15. Ilyas dan Rencana

Màu nền
Font chữ
Font size
Chiều cao dòng

|| 15: Ilyas's pov | 3319 words ||

Beberapa hari seharusnya cukup. Aku menambah barikade pada jendela dan pintu, menutupi perabot dengan koran agar tidak berdebu, lalu memesan jebakan zombie tambahan untuk jendela. Namun, beberapa hari itu tidak berjalan terlalu baik. Cal masih ada. Dia beberapa kali mengkritisi usahaku untuk memapan semua jendela.

"Kau, 'kan, tidak bakal tinggal di sini lagi! Buat apa melakukan ini semua?!"

Lalu, setelah berbicara macam-macam, Cal mendadak diam. Diam yang dipaksakan. Tidak sekali dua kali aku melihatnya mengepalkan tangan dan menggigit bibir ke dalam seperti sedang menahan diri. Jujur saja, itu mengusikku.

"Bukankah sudah beberapa kali kau bilang kau akan pulang?" tanyaku pada Cal. Di depan televisi, Emma duduk sambil mengobok-obok telur dadar di piringnya.

"Setelah yang kau coba lakukan tempo hari? Tidak, aku akan menunggumu sampai kau mau ikut denganku keluar dari sini."

Dia memberikan secangkir teh padaku. Padahal baru beberapa detik yang lalu gadis ini mencoba menghentikan pekerjaanku, tetapi tindakanya sekarang—membuatkan teh, memegangi papan—seperti menyemangatiku. Inkonsistensinya benar-benar menggangguku.

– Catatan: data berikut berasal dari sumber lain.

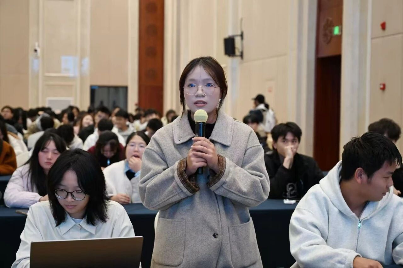 讲座上,万曼璐教授聚焦AI时代人文科学的重要性,以及人文教育在探索世界中不可或缺的作用与移通师生互动交流。她强调,人文精神的核心是个体独特的情感、经历与视角,这是AI技术无法复刻的,即便AI能辅助高效内容创作,也不能替代人文教育对批判性思维、共情能力等核心素养的培育。她倡导通过深度阅读经典、反思与实践提升人文素养,她鼓励学生保持思辨力、勇于探索。

"Kau juga tidak bisa mengusirku—akui saja, aku cukup banyak membantumu di sini." Dia menyengir. "Tenang saja. Aku akan menjadi sangat tenang dan kalem sampai-sampai kau takkan menyadariku di sini."

"Panci burik ini betul-betul cari perkara denganku!" Cal langsung mengingkari janjinya beberapa menit kemudian.

Emma tidak mau makan pagi itu. Perutnya bermasalah, membuatnya tak nyaman dan merengek seharian. Emma hanya memainkan makanannya di piring, buang angin, lalu membuat popoknya penuh. Kusuruh Cal menjaga bubur di panci karena Emma tidak bisa dilepas, tetapi gadis itu terus mengkritisi caraku mengurus Emma.

"Anak 4 tahun harusnya sudah lepas dari popok!" Cal berkomentar, membuatku sakit kepala. "Aku saja tidak pernah pakai popok—ibuku memakaikanku kain yang mesti dicuci tiap hari. Umur dua tahun, aku sudah bisa pakai jamban sendiri!"

Begitu melihat ekspresi wajahku, dia jadi diam lagi. Matanya berkedut-kedut, bibirnya ditekan sampai begitu tipis dan putih.

Tengah hari, aku membujuk Emma lagi, tetapi dia juga melemparkan mangkuk makan siang yang bahkan baru kuletakkan di depannya. Buruknya, lantai jadi kotor. Bagusnya ... bubur panas itu mendarat di wajah Cal.

Gadis itu merah meradang, giginya menggertak marah. Saat dia mendapatiku menyengir, aku buru-buru mengatur ekspresi dan memarahi Emma.

Emma ingin digendong seharian, tak peduli tanganku bakal lepas dari badan. Ketika Cal memaksa untuk menggendongnya, adikku menangis sekeras-kerasnya sampai wajahnya merah.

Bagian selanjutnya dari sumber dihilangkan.